Senatrice, facciamo il punto sul decreto “milleproroghe”. Tecnicamente, di cosa stiamo parlando?

È un decreto che è prassi che i governi adottino, utilizzandolo per prorogare tutti quei provvedimenti che altrimenti andrebbero in scadenza, e può anche integrare alcune cose specifiche, in funzione di una buona amministrazione.

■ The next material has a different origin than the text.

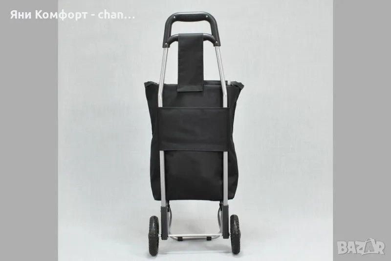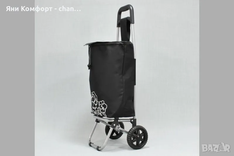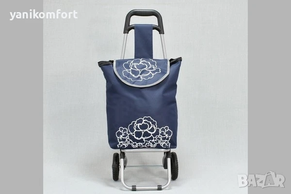 Материал: текстил и метал- модерен дизайн- лека конструкция- метална рамка, сгъваема - торба от текстилен плат - две колелаРазмер: чанта 28 х 40 х 17 височина на количката 85см
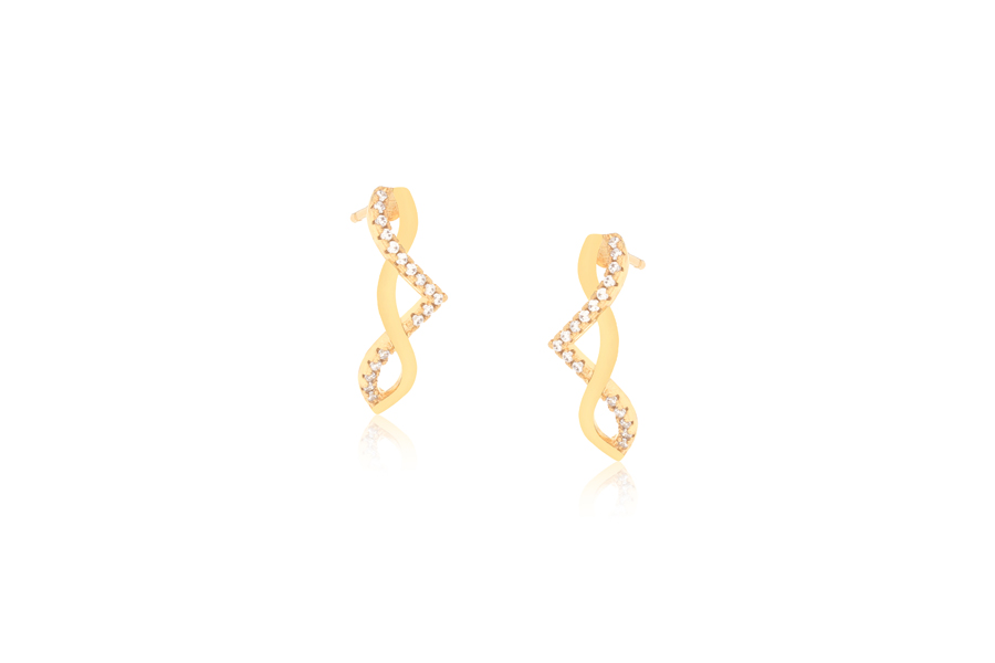BRINCO BANHADO EM OURO, PONTO DE LUZ 5mm E CRAVAÇÃO INGLESA

In questo caso non è stato così?

No in questo caso il decreto ha peggiorato l’esistente al punto tale che è dovuto intervenire il presidente della Repubblica, ed è la prima volta che un fatto del genere si verifica.
Al Senato la maggioranza ha tenuto il decreto in naftalina in Commissione per evitare un esame approfondito del testo, che è stato approvato così in tutta fretta arrivando alla Camera in una forma discutibile. Avevano bisogno di trovare la quadratura del cerchio ed accontentare tutti coloro dei quali necessitavano l’appoggio. Per cui non hanno consentito che al Senato se ne potesse discutere.
Anche alla Camera è stata attuata la stessa strategia e il Presidente è intervenuto solo nel momento in cui il testo è uscito dalla commissione di Montecitorio.



Uno stop per il Governo?

Se non fosse intervenuto ieri, gli sarebbe arrivato un testo irricevibile e avrebbe dovuto rinviarlo alle Camere. Il problema è che c’è una maggioranza sofferente, che può anche conquistare, o acquistare, nuovi parlamentari, ma è priva di coesione e di un solido patto di governo e dunque si generano questo tipo di storture.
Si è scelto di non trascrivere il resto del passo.